Professor Radcliffe–Brown, on his introductory visit, informed me that he had finances for no longer than six months. Knowing that time to be inadequate for any research of value, I arranged an interview with the late Mr. S. P. Mackay, a well-known and wealthy pastoralist of Munda-bullangana Station, and asked him point-blank for £1,000, to make possible at least two years of field work for the Expedition. He immediately forwarded a cheque for the amount.

It was then suggested that I accompany the Expedition, and the Under–Secretary (Mr. North) obtained the Colonial Secretary’s consent. I was appointed a travelling protector, with a Special Commission to conduct inquiries into all native conditions and problems, such as employment on stations, guardianship and care of the indigent, distribution of rations, the half-caste question, the morality of native and half-caste women in towns and mining camps, and many other matters affecting their welfare from an administrative point of view. Sir Gerald Strickland, then Governor of West Australia, showed a deep personal interest in the expedition, and his wife, Lady Edeline, supplemented my equipment with a medicine chest.

Before we left Perth, news came that the civilized and semi-civilized circumcised groups of Lake Darlot had descended in a raid upon a native camp at Lancefield, near Laverton, killing eleven men, women and children. The groups had scattered, and the police had found none of the murderers, much to the consternation of the peaceable natives and white settlers in the district.

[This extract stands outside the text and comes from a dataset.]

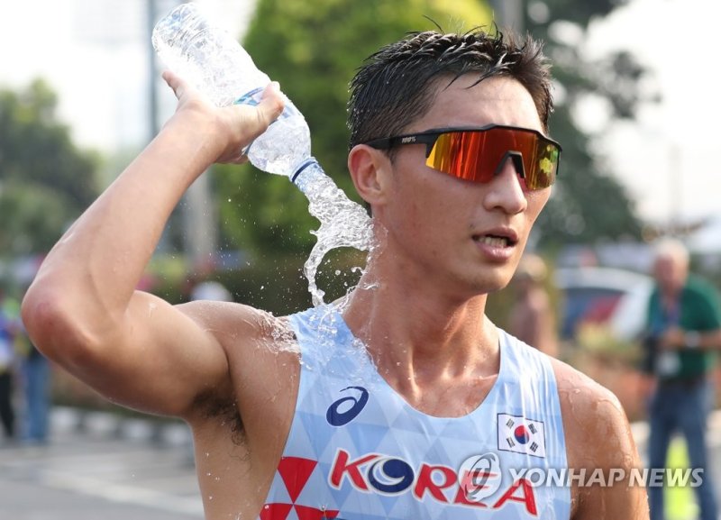 지난 2018년 8월 29일(현지시간) 인도네시아 자카르타에서 열린 2018 자카르타-팔렘방 아시안게임 남자 경보 20km에 출전한 최병광이 경기 도중 더위를 식히고 있다. / 사진=연합뉴스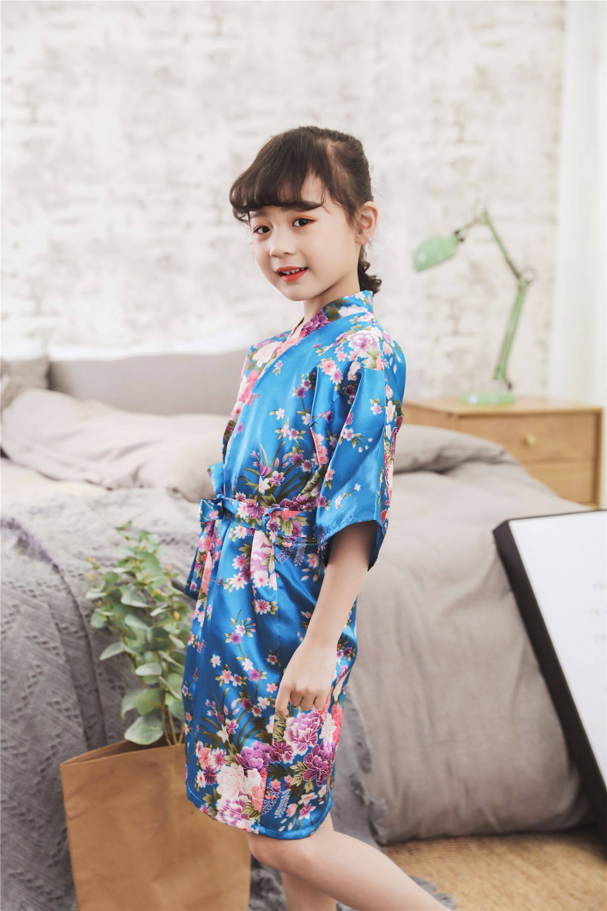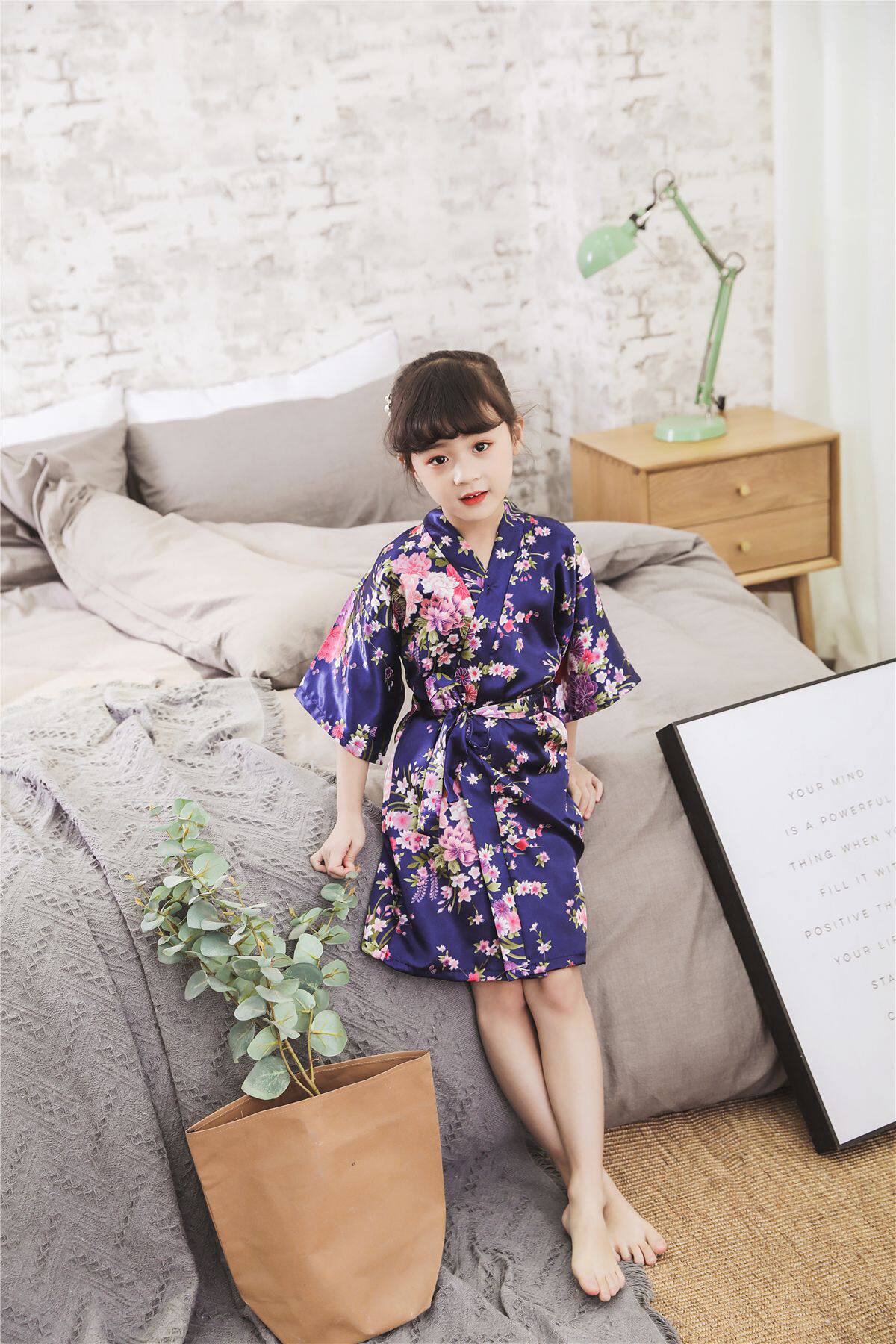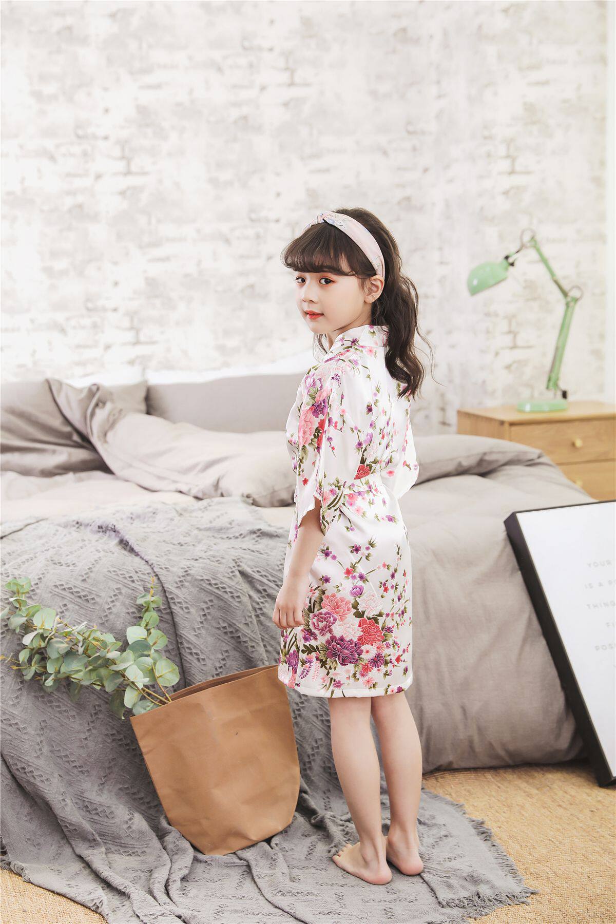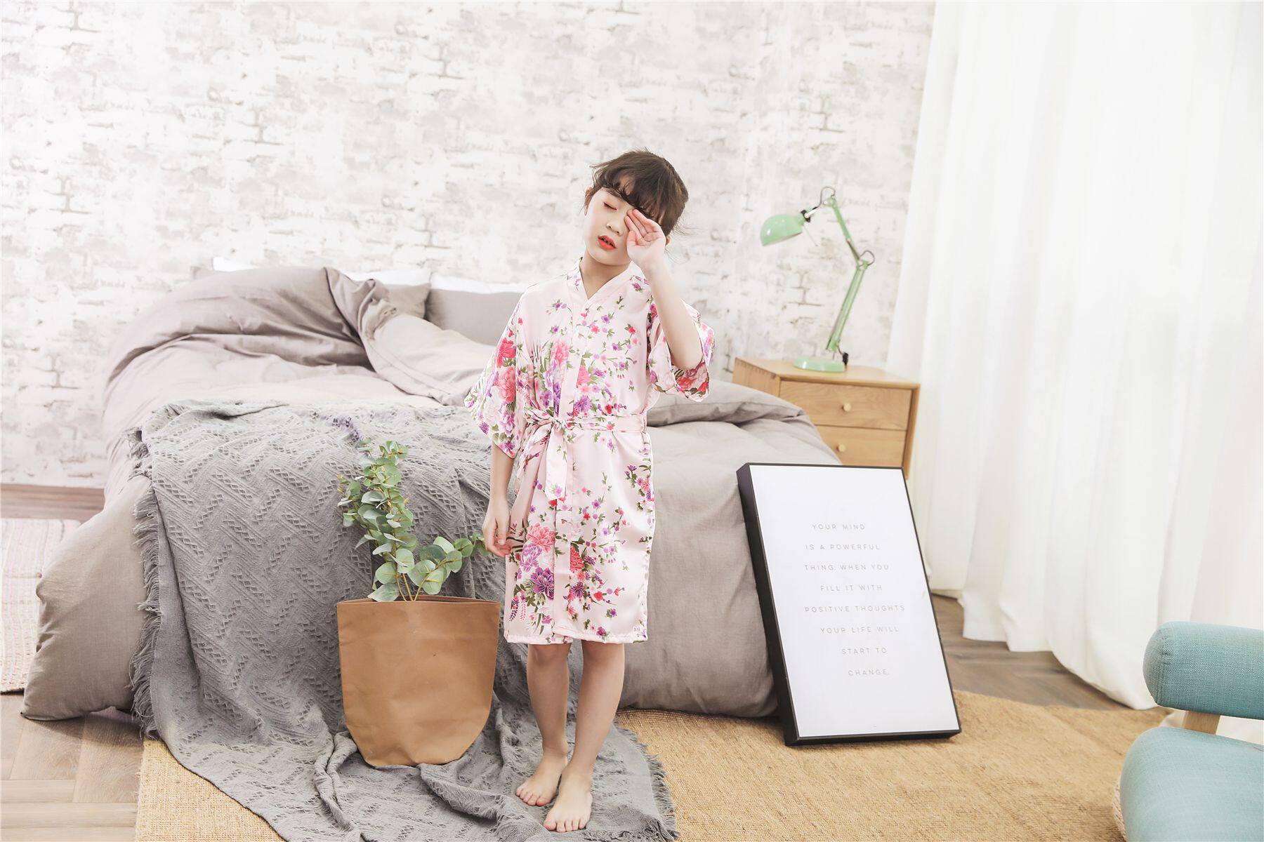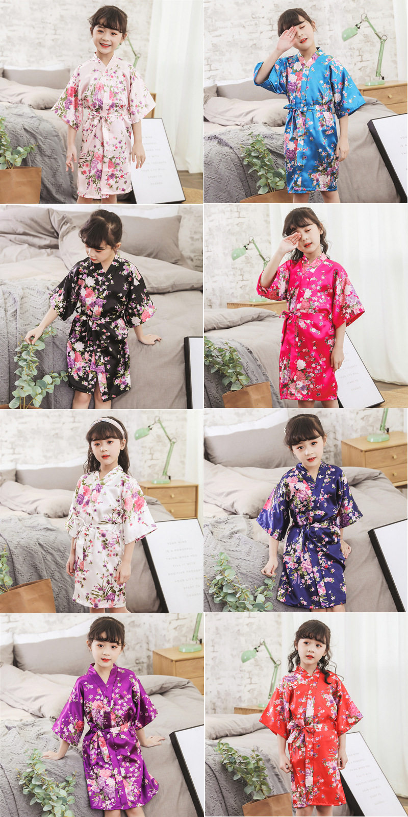Летний детский шелковый банный халат для девочек, японская пижама, семейный стиль

We booked our passages on the little coastal steamer Hobart, packed our equipment and supplies on board, and were so eager to be off that we embarked a few days early on a southern trip, and after an unpremeditated voyage to Bunbury, had to return on the vessel, and sail north with her to Geraldton, from which we went by rail to Sandstone. The party consisted of Professor Radcliffe–Brown, anthropologist, Mr. Grant Watson, biologist and photographer, myself as government attache, and Louis Ohlsen, a Swedish cook. A few miles from Sandstone, we pitched our tents among the natives gathered there, our travelling equipment consisting of a large fly for our dining and community room furnished with folding chairs and other luxuries, the men’s tent, Louis’s portable kitchen, and my quarters. We were surrounded by nearly, 100 natives from near-by districts, and there was obvious ill-feeling and friction among the groups. I spent the afternoon making new friends, greeting old ones, and, with their assistance, digging out some honey-ants, which I proffered to the Professor for supper. Grant Watson would have none of them.

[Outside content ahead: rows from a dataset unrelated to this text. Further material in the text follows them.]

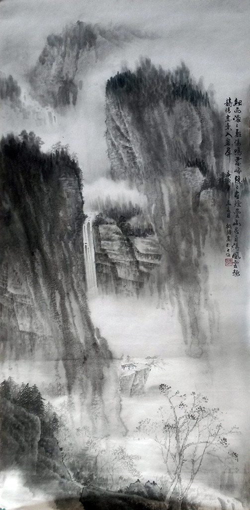 作品名称:姚强国画”细雨瀑鸣……“ 作者:姚强 年份:庚寅2010年 规格尺寸:136*68 材质:宣纸 作品编号:gh0221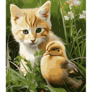 Картина за номерами Strateg Котик і каченя у милій дружбі на кольоровому фоні розміром 40х50 см (MZ011)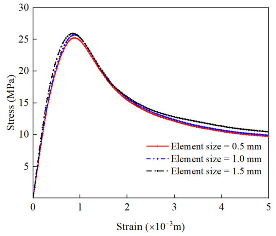The effect of the mesh size on the stress–strain curve of RAC under uniaxial compression.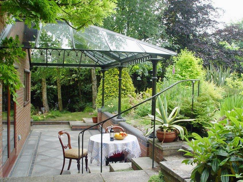 Навесы отличаются между собой не только внешней формой, но и местонахождением. От этого зависят конструктивные особенности козырька и способы его крепления.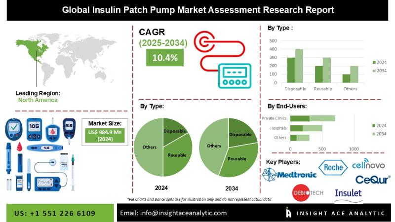 InsightAce Analytic Pvt. Ltd. announces the release of a market assessment report on the "Global Insulin Patch Pump Market- by Product Type (Reusable and Disposable Pumps), End-Users (Hospitals, Online Pharmacies, Private Clinics, and Retail Pharmacies), Trends, Industry Competition Analysis, Revenue and Forecast To 2034."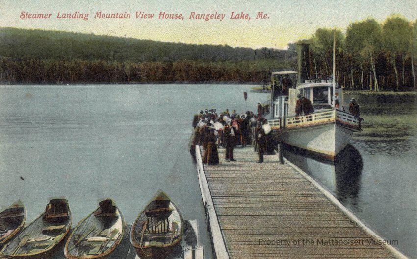 Hand-colored postcard showing Steamer Landing Mountain View House, Rangeley Lake, Maine. Hand-written note to Mrs. O. H. Purrington, Mattapoisett, Mass. Postmarked from Mountainview, Maine on July 17, 1908.Collection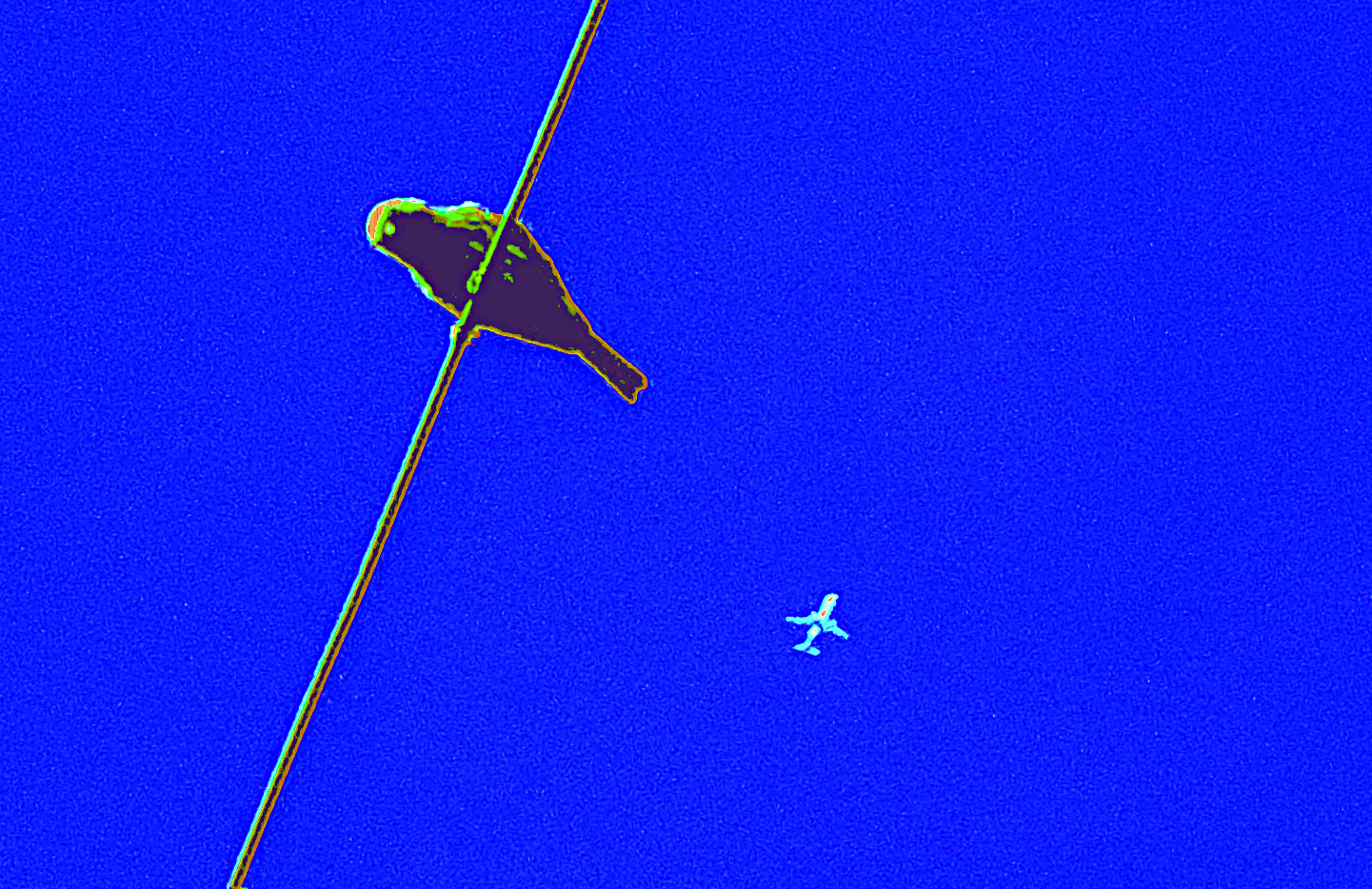 I like the simplicity of this image, and it is true to your style since it's in the non-realistic realm. I also like that the bird is large and the plane is small. It might look cool to crop the top slightly so the bird is in the rule of thirds and then move the plane so it's not on the same sight line with the bird, for a less static composition. |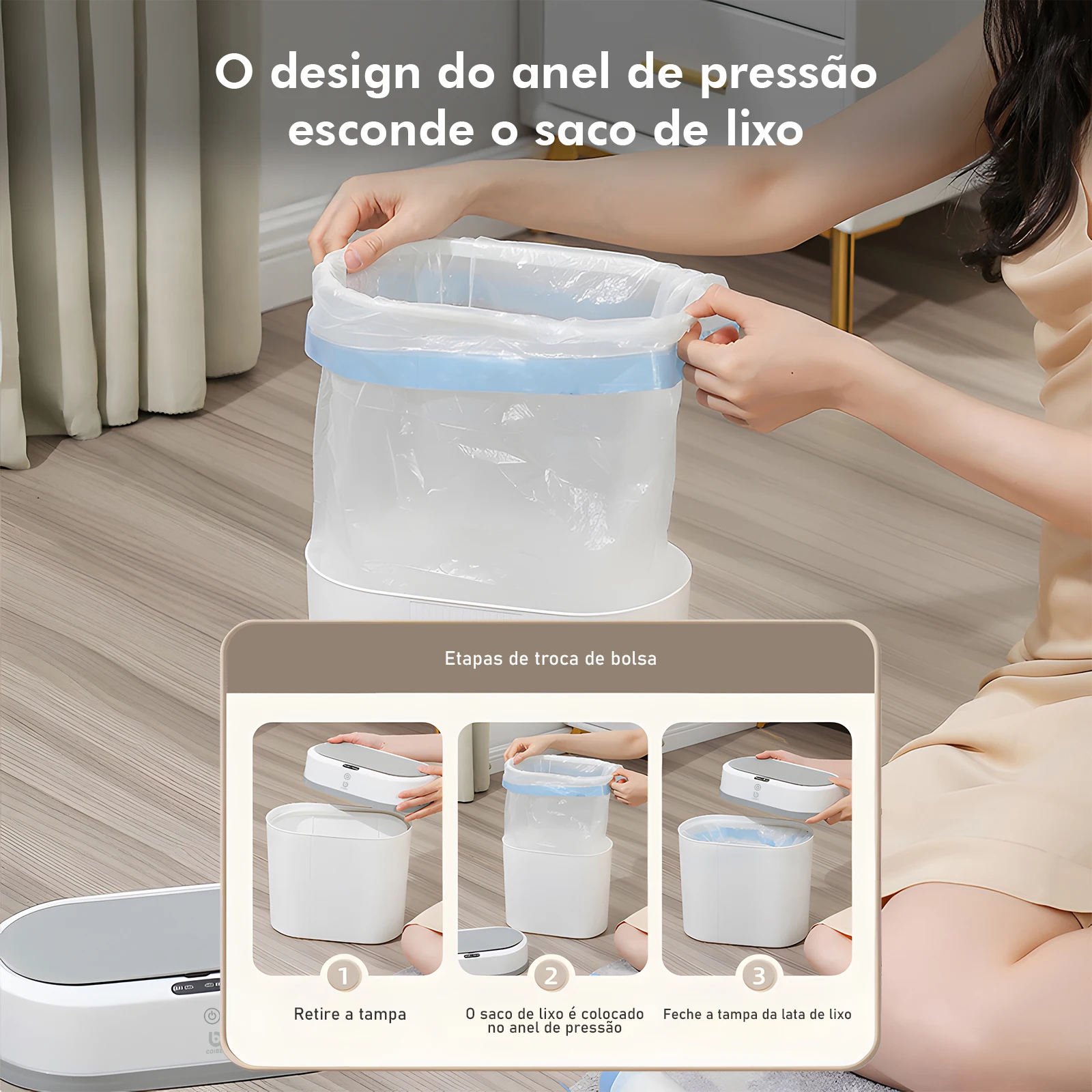 Fácil de Limpar e Manter: Feita com materiais de alta qualidade, a lixeira é fácil de limpar e resistente a odores, garantindo durabilidade e praticidade.

It took some time to convince the natives that my companions were not policemen, of whom, for their own reasons, they lived in an unholy fear at the time. After some vain endeavours at explanation, I found it easier to introduce them as my two sons! Professor Radcliffe–Brown immediately interested himself in their string games, similar to cat’s cradle, and cross-sticks, and other small primitive handicrafts with which they occasionally pass the time.

After distributing generous rations and discussing family gossip, we were just beginning to make a little headway in questioning them regarding genealogies and customs when, to our surprise, a police raid was made upon the camps at dawn, and six of the natives arrested as the Laverton murderers. Several shots were fired by the police, and some of the fugitives tried to hide in our tents, but no one was hurt.

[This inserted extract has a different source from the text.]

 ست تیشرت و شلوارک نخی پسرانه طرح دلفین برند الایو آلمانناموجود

On the principle that “one nigger is as black as another”, the constables had arrested one Meenya, whom I knew did not belong to Darlot, and who had only just arrived from his own country. I saw Meenya in prison, quite naked, as he had been arrested while sleeping. After establishing his identity, I took him back to the camp, where his relatives cried with joy. The other five men, Gooll-gooil, Jooloor, Dhoolanjarri, Yoolbari, and Dandain, remained in custody.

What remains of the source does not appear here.